Eleanor shook her head. ‘A dossier?’

He peered out into the darkness, but could see nothing but the reflection of his own face in the glass.

Part II

Chapter Twenty-five

It was after midnight when their taxi arrived at Primrose Hill. That had been a problem: where to go. He hadn’t lived in London for nearly six years, and he doubted that Anna would open her house to a neglectful former husband and his much-younger American companion.

‘How are your breaking-and-entering skills?’ he’d asked.

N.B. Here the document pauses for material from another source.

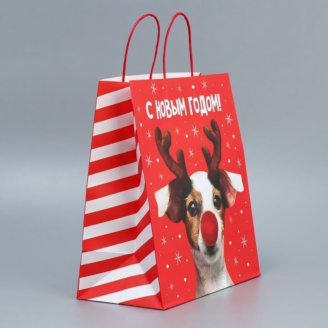 Праздничный пакет с оригинальным дизайном станет идеальным дополнением к вашему новогоднему сюрпризу. Яркое сочетание красного фона, белоснежных узоров и забавного олененка создает по-настоящему волшебное настроение!

‘I can smash a window with a brick.’

A light rain fell as he looked up at the three-storey terrace house on Chamberlain Street, reminding him that he had no coat or, indeed, any luggage. With luck there would be some clothes in the house, albeit superannuated by moths and fashion.

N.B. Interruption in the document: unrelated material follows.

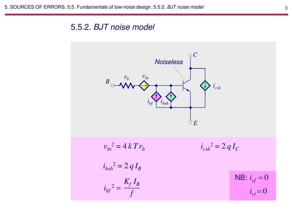 vbt2= 4kTrb icsh2= 2qIC ibsh2= 2qIB Kf IB f ibf 2= 5. SOURCES OF ERRORS. 5.5. Fundamentals of low-noise design. 5.5.2. BJT noise model 5.5.2. BJT noise model C Noiseless vbt rb B icsh ibf ibsh E NB: icf =0 ict =0

‘Who lives here?’ Eleanor said, looking up at the peeling gloss and the pale-brick walls overgrown with Virginia creeper and wisteria. The windows were dark and sightless, with heavy wooden shutters behind the glass.

‘It’s been closed up since my father died. Couldn’t bring myself to sell it.’

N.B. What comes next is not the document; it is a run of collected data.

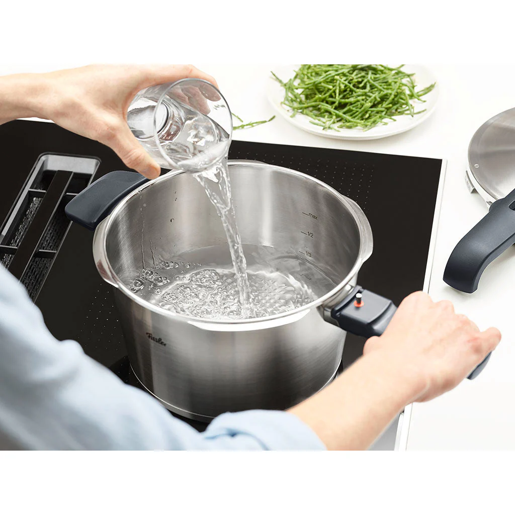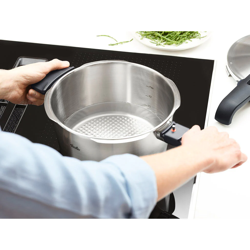 Los modelos de la línea Vitavit® Premium están equipados con un mango ergonómico de tipo lazo. Así se garantiza la seguridad al manipular la olla, incluso con las manos mojadas o manchadas de grasa. Con escala medidora interior, la olla incorpora un indicador de nivel de llenado muy práctico, situado en su interior, que señala los niveles mínimo y máximo de líquido. Su mango desmontable facilita el trabajo a la hora de limpiar y guardar la olla a presión. Una ventaja muy práctica para guardar varias ollas o cazuelas en el armario: se pueden apilar encajándolas unas encima de otras.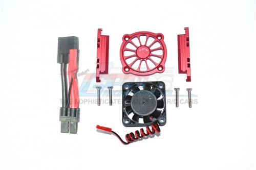 Aluminium Motor Heatsink With Cooling Fan - 9Pcs Set Red by GPM Racing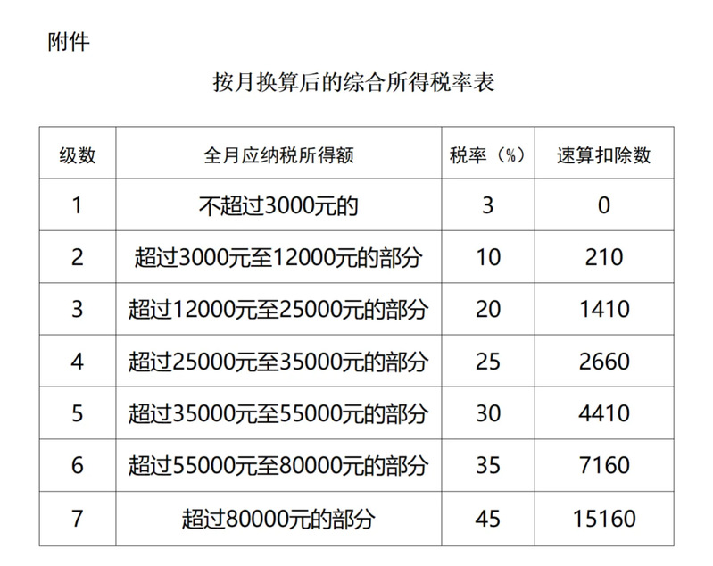 附件:按月换算后的综合所得税率表

The front door was too sturdy an obstacle to break without waking the street, so Denham carefully descended the narrow steps that led to the basement door. At the foot of the steps he trod on a piece of buttered bread lying on the gravel. It was dusted with splinters of glass that glittered in the light from the streetlamp, and he saw that it had been employed, recently it seemed, to break the glass of the basement door noiselessly.

‘We’ve been burgled,’ he called up. Gingerly he put his hand through the broken glass and opened the door, his shoe crunching on the shards that lay on the floor inside. ‘Have you got a match?’

Together they crept into the basement. Years ago his father had used it as a workshop. Now it resembled some long-ransacked tomb. The detritus of small motors covered the table, ghostly in the match light, and the air smelled musty with damp and diesel oil. Technical drawings furred in dust were scattered over the floor.

‘Holy crap,’ Eleanor cried, startled when Denham kicked a fuse box in the dark, sending it thumping across the floor.

In the hall Denham lit another match and entered the kitchen. Silhouettes played behind the old iron stove and the rows of enamelled plates. It was like having the pages of a half-remembered childhood book opened for him again.

‘I think our burglar stayed for dinner,’ Eleanor whispered, pointing to a plate with crumbs and smeared butter. On the table were two curling crusts of brown bread, some sour-looking green apples, and an empty tin of corned beef. On a chair was a purple kite Denham recognised, and a comic book opened to a strip featuring Corky the Cat.

‘I think I know who came calling,’ he said. He lit another match, walked across the hall, and, putting two fingers in his mouth, made a loud whistle up the stairs.

Silence for a few seconds, then a thudding commotion from somewhere at the top of the house, as if someone were erecting a barricade of chairs and mattresses.

A boy’s voice, terrified. ‘Who’s there?’

‘Come and say hello to your dad.’

Another moment’s silence, then the sudden sound of running feet, and Tom came bounding down the two flights into his father’s arms. He was clasped so tightly against Denham’s wounds that the pain shot orange stars through his eyes. He didn’t care.

‘Oh, Tom.’

The match went out, and in the darkness Denham smelled earth and bark and liquorice in his son’s hair, and when his small voice spoke it was with a soft whistle. He had lost his two front teeth, like the apparition in the cell. Maybe it was Tom’s spirit that had come to him after all.

‘Are you going to stay this time?’

‘Yes,’ said Denham, struggling under the emotion in his voice. ‘Daddy’s not leaving again.’

Tom’s voice fell to a whisper. ‘Who’s in there?’

It was easier to see in the kitchen, where the city glow of the clouds shone through a window over the sink. Beyond it was a garden, dark and overgrown. Eleanor stood tall and graceful in the spectral light. A figure from a dream.